La segunda parte de las dificultades que el hombre del Nilo abordaba, está, después de haber muerto, estaba relacionada con la moral y el buen comportamiento ejercido durante la vida terrenal. Egipto se regía por un concepto múltiple de orden, justicia, verdad y armonía cósmica llamado maat, cuyo hacedor era el dios Ra y estaba encarnado en la virtud del faraón, pero de cuyas normas no estaban excluidos el resto de sus súbditos. Tras la muerte, estas actividades mundanas eran revisadas en un juicio sumarísimo al que asistían cuarenta y dos dioses, y estaba presidido por el propio Osiris, actuando como notario el dios Tot. Si el alma en trance conseguía convencer a los dioses de su bondad, empleando para ello toda clase de apoyos, como el Libro de los Muertos2 infinidad de amuletos, estaba en condiciones de comenzar la nueva y perdurable vida.


El mito de Osiris nació de la fusión de un antiquísimo culto agrario a la regeneración periódica de la naturaleza con el practicado en honor de otro dios encargado de velar por los difuntos. Osiris sufrió en su cuerpo el paralelo a la muerte temporal de la vegetación, el reposo de la semilla en la tierra y su espléndido renacimiento, abriendo con ello una vía de esperanza en la resurrección a sus seguidores y, enlazando con este origen, está la siguiente evidencia arqueológica: imitando la silueta de la imagen de Osiris se confeccionaron unos cajones que, llenos de tierra, eran sembrados con trigo, regados abundantemente y colocados dentro de las tumbas con el resto del ajuar funerario en el momento del entierro. Entre las piezas del tesoro de Tutancamón se encontró uno de estos cajones con trigo germinado3, donde los tallos habían llegado al alcanzar varios centímetros de longitud.

Iconografía y Descripción
de las Especies Botánicas
 
La estrecha unión de este dios con la vegetación y los ritos funerarios tuvieron sus primeras representaciones iconográficas en el Imperio Antiguo egipcio (2575-2134 a.C.), mostrando a las damas dolientes de los funerales aspirando invariablemente el aroma de una única flor de nenúfar.
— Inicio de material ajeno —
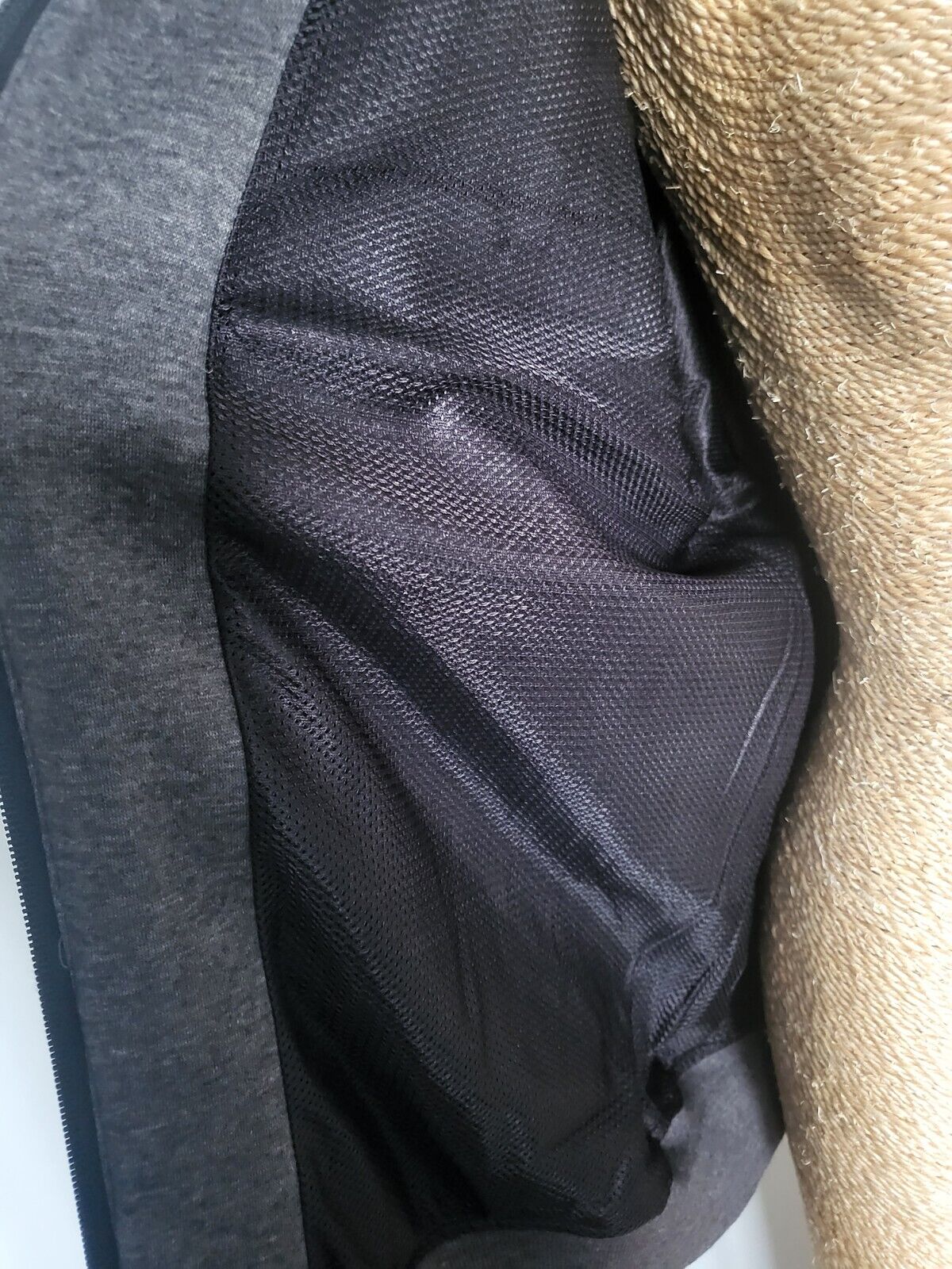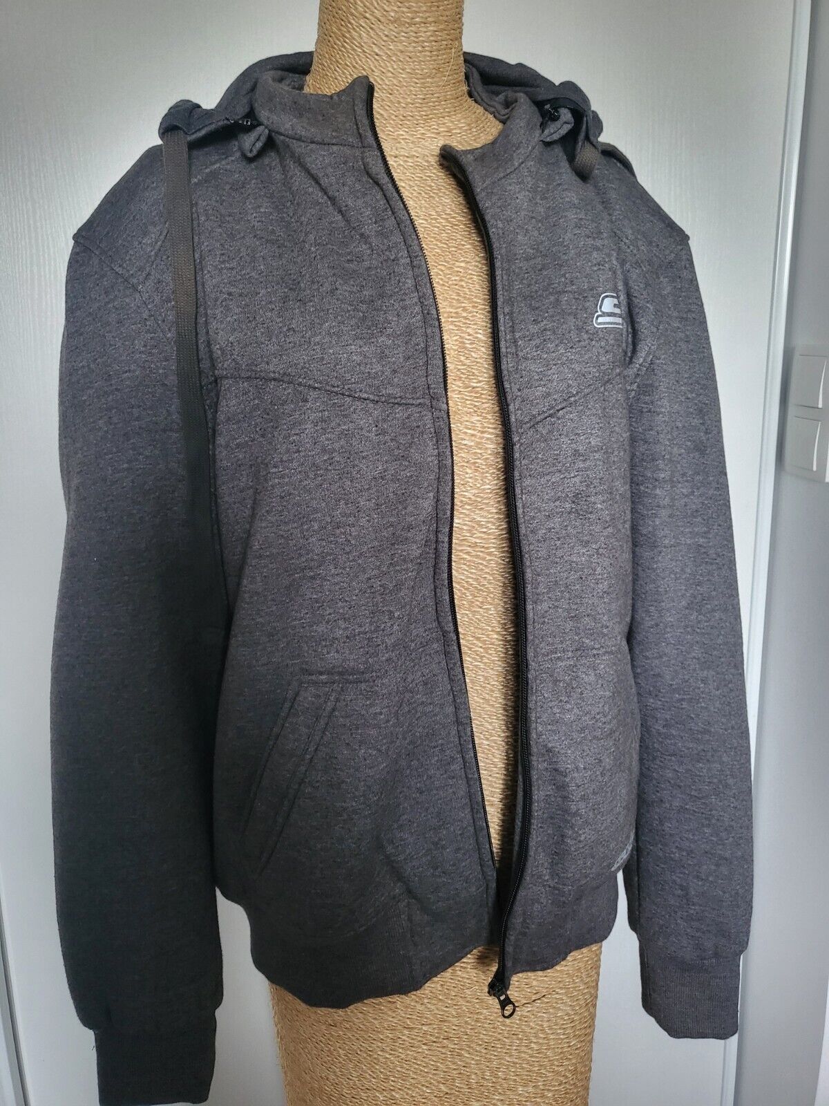 Gilet moto à capuche gris renforts amovibles dos avant bras épaules

La misma escena se retomó durante el Imperio Medio (2040-1640 a.C.), alcanzando a las primeras representaciones ejecutadas en el Imperio Nuevo (1550-1070 a.C.). Hasta esta fecha, las únicas flores que aparecían representadas en las tumbas era los nenúfares, en sus variedades Nymphaea alba y Nymphaea caerulea, nenúfar blanco y nenúfar azul respectivamente.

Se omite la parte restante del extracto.